Lack of wargaming here has been compounded by quite a lot of people that I know going down with Covid plus a large house being rendered totally uninhabitable by a water leak. I haven't been ill and it's not my house - although it used to be - but the knock-on effects have kept me away from my duties as a bloggist. I haven't however been kept away from the opera, and as it's World Opera Day I am minded to catalogue those that I have seen.
The plot of English Touring Opera's 'Amidigi di Gaula' by Handel is a love triangle with added sorceress and knitting. At a key moment our hero shows his friend a picture of the woman he loves, only for the friend to realise that they both love the same person. This trope seemed very familiar and I spent quite some time trying to recollect which other piece of high culture I had seen it in before. I eventually came to the conclusion that I had been thinking of the Laurel and Hardy film about the French Foreign Legion (the name of which escapes me for the moment), in which everyone has joined up to escape a broken heart and are found to all be carrying a photograph of the same woman. I can't remember whether as many of them end up dead as was the case here.
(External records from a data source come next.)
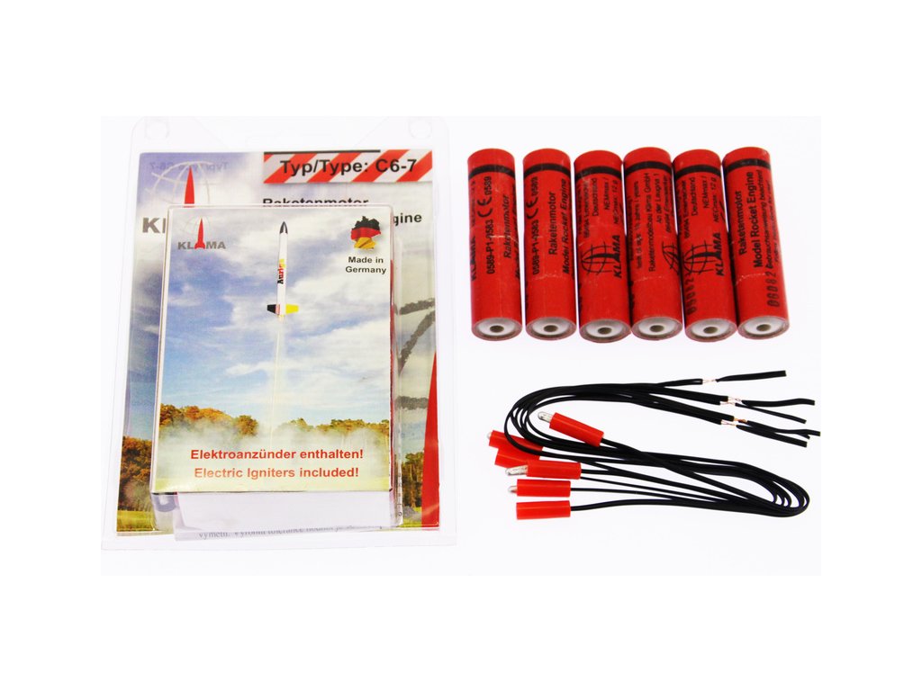 Obsahem balení je 6 ks raketových motorků Klima C6-7 včetně el. palníků, návod k použití.
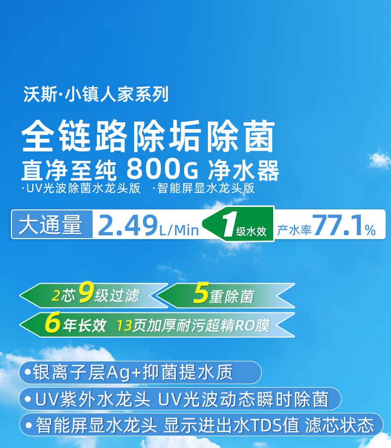 乐喝25新款净水器家用母婴直饮厨房自来水RO反渗透厨下无桶大流量纯水机9级过滤5重除菌1级水效净水机 包安装=智能屏显TDS水龙头版
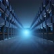High quality animation of camera moving through the server room.
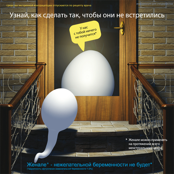Реклама препарата содержала следующую информацию: «Узнай, как сделать так, чтобы они не встретились. Экстренная контрацепция без гормонов. Узнай больше на сайте www.женале.рф или по телефону горячей линии».
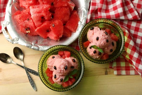 1 kg lubenice težine zajedno sa korom. Samo crveni deo lubenice iseći na manje kockice i očistiti od semenki, izmiksati da se dobije čist sok. (potrebna je količina koliko piše na kesici za šlag, tj. oko 250 ml soka za dve kesice šlaga koji se muti sa vodom).

Death often features in opera, but not usually to the extent of Holst's Savitri where he appears as a character in his own right. In Northern Opera Group's production he comes in through a side entrance and stalks slowly and menacingly through the audience before reaching the stage, being implausibly tricked out of his victim and exiting stage right still singing. I preferred that to the other Holst one-act opera it was coupled with, 'The Boar's Head'. The basis for this was all the Falstaff pub scenes in Shakespeare's Henry VI plays taken out of context and rammed together. I think I'm reasonably au fait with those, but I still couldn't work out what was going on. And for some reason the fact the staging featured a door but no walls irritated me enormously.
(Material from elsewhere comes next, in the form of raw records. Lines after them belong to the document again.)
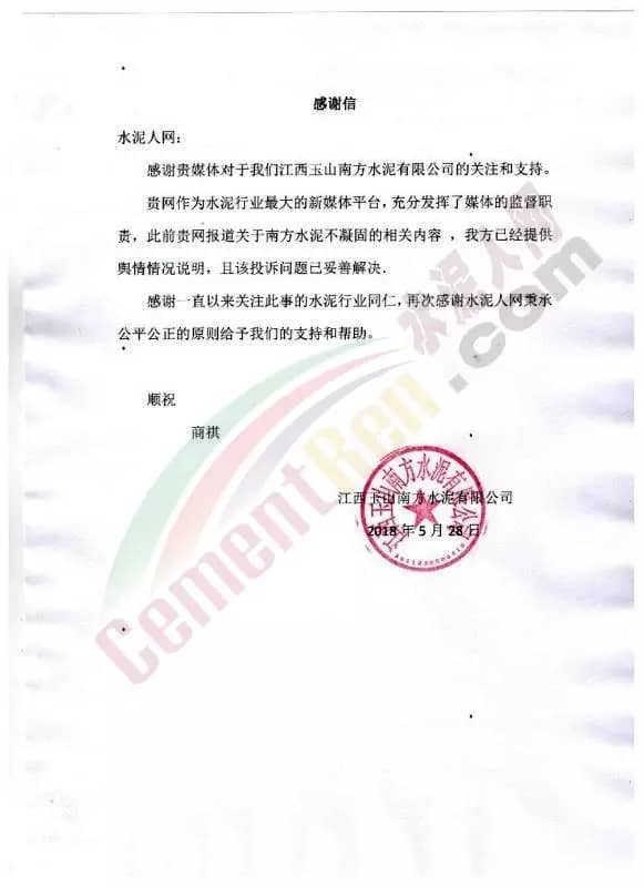 感謝貴單位編輯部對(duì)我司工作的監(jiān)督與指導(dǎo)。貴單位作為水泥行業(yè)專業(yè)的權(quán)威機(jī)構(gòu),對(duì)水泥有關(guān)各方具有不可比擬的影響力與說服力?,F(xiàn)就網(wǎng)上出現(xiàn)我司輿情的情況作如下說明,希望獲得貴單位的理解和支持。
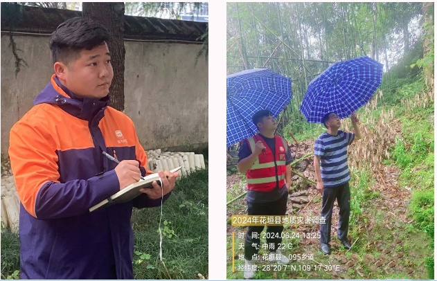 2024年,在湖南省花垣县,胡明曾通过现场裂缝和雨量监测数据,预判一处滑坡风险,并紧急建议撤离住户。当晚滑坡发生,民房后墙被掩埋,因撤离及时,无人伤亡。
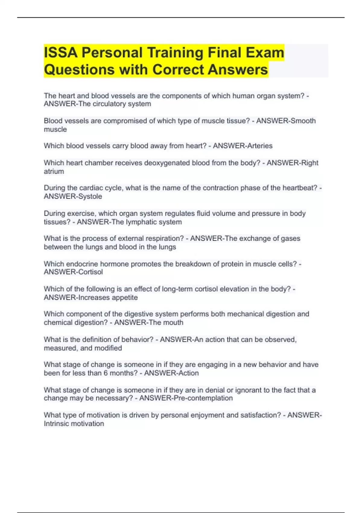 The heart and blood vessels are the components of which human organ system? - ANSWER-The circulatory system Blood vessels are compromised of which type of muscle tissue? - ANSWER-Smooth muscle Which blood vessels carry blood away from heart? - ANSWER-Arteries Which heart chamber receives deoxygenated blood from the body? - ANSWER-Right atrium During the cardiac cycle, what is the name of the contraction phase of the heartbeat? - ANSWER-Systole During exercise, which organ system regulates fluid volume and pressure in body tissues? - ANSWER-The lymphatic system What is the process of external respiration? - ANSWER-The exchange of gases between the lungs and blood in the lungs Which endocrine hormone promotes the breakdown of protein in muscle cells? - ANSWER-Cortisol Which of the following is an effect of long-term cortisol elevation in the body? - ANSWER-Increases appetite Which component of the digestive system performs both mechanical digestion and chemical digestion? - ANSWER-The mouth What is the definition of behavior? - ANSWER-An action that can be observed, measured, and modified What stage of change is someone in if they are engaging in a new behavior and have been for less than 6 months? - ANSWER-Action What stage of change is someone in if they are in denial or ignorant to the fact that a change may be necessary? - ANSWER-Pre-contemplation What type of motivation is driven by personal enjoyment and satisfaction? - ANSWER-Intrinsic motivation
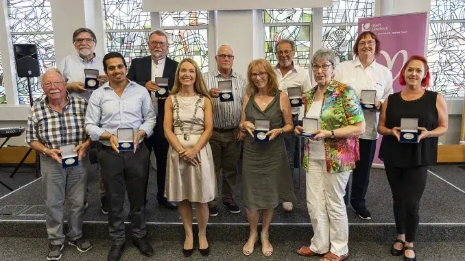 20.06.2023 – Ehrenplaketten – Viele Millionen Menschen sind in Deutschland in einem Ehrenamt tätig. Sie engagieren sich auf diese Weise in ihrer Freizeit für das Gemeinwohl der Gesellschaft – und das auf unterschiedlichste Weise. Eine kleine Zahl derer ehrte die Bürgermeisterin am Montagnachmittag im Ratssaal des Alten Rathauses. Sie überreichte Ehrenplaketten der Stadt Gladbeck, der höchsten Auszeichnung, die die Stadt Gladbeck vergibt. „Das Ehrenamt ist eine starke Stütze der Gesellschaft. Es trägt dazu bei, das gesellschaftliche Leben zu gestalten und in der uns bekannten Form zu ermöglichen. Zum Glück gibt es in unserer Stadt viele Menschen, die nicht nur auf sich selbst schauen, sondern überlegen, wie sie anderen helfen können“. So Bürgermeisterin Bettina Weist und dankte auch im Namen von Rat und Verwaltung.
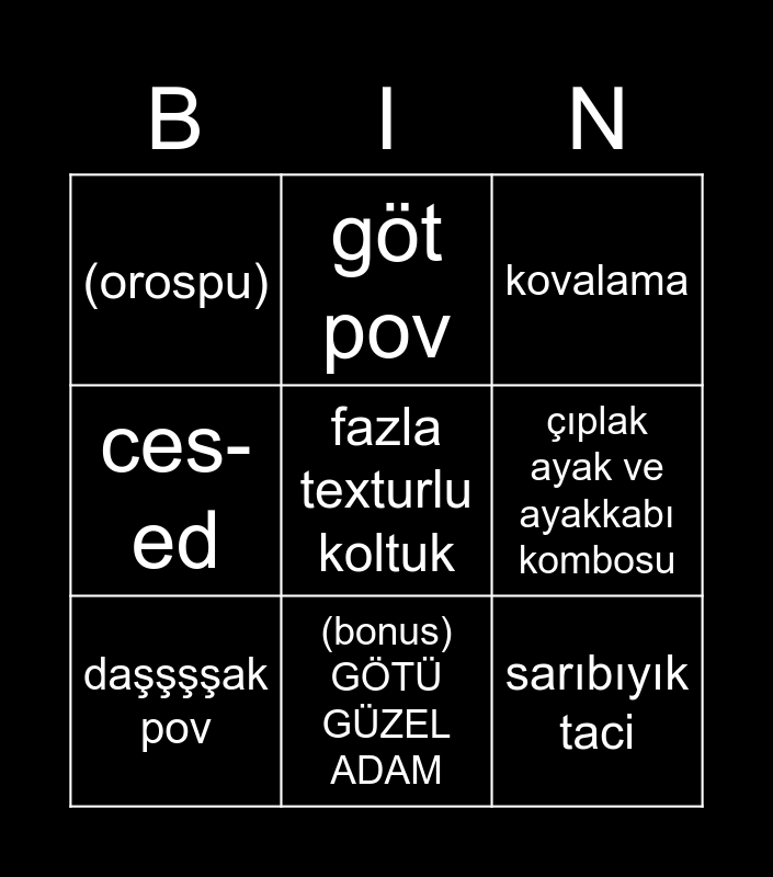 This bingo card has a free space and 8 words: çıplak ayak ve ayakkabı kombosu, kovalama, göt pov, daşşşşak pov, (orospu), sarıbıyık taci, ces-ed and (bonus) GÖTÜ GÜZEL ADAM.
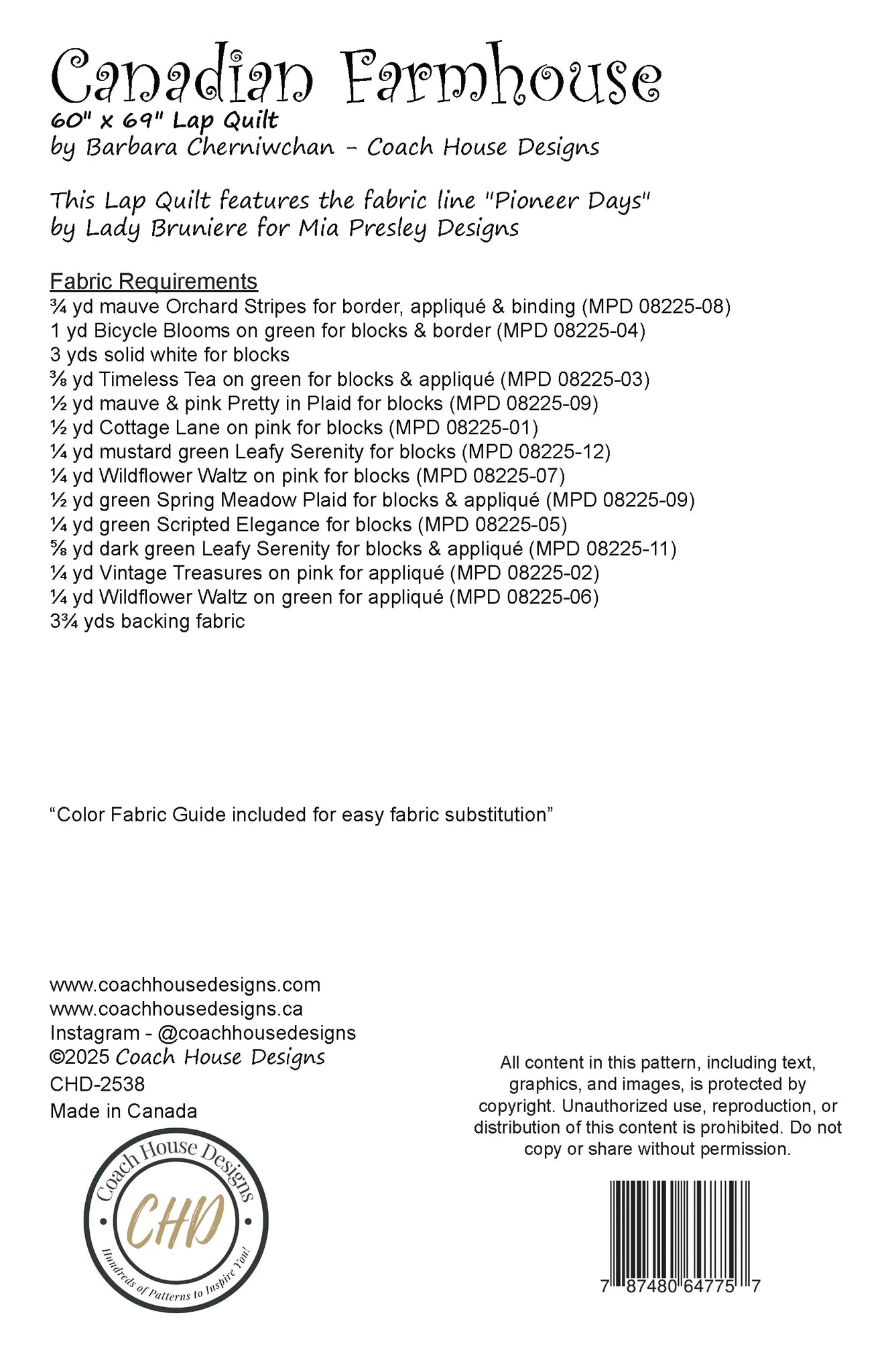 Step into a world of rustic charm and timeless elegance with the Canadian Farmhouse quilt pattern - a heartfelt tribute to the simplicity and beauty of life on the farm.  This lap quilt beautifully blends pieced and appliqué techniques, making it a delight for intermediate to advanced quilters who love storytelling through fabric.
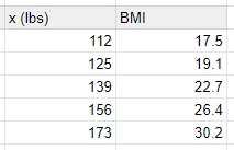 The table below shows the weights of five females of the same height (5'5") along with their body mass index, BMI. Using a logarithmic model, write an equation for the curve of best fit, then estimate the BMI of a female that weighs 130 pounds.

Back to death on the stage, although this time in a ballet. Opera North's Bernstein double bill included his opera 'Trouble in Tahiti' coupled with 'West Side Story Symphonic Dances'. In the former no one dies (although perhaps it's true to say that love does), but in the latter, well we all know the story. According to the programme the choreography reflects life in South Africa under apartheid, but it looked like the same old street gangs to me; I enjoyed it anyway.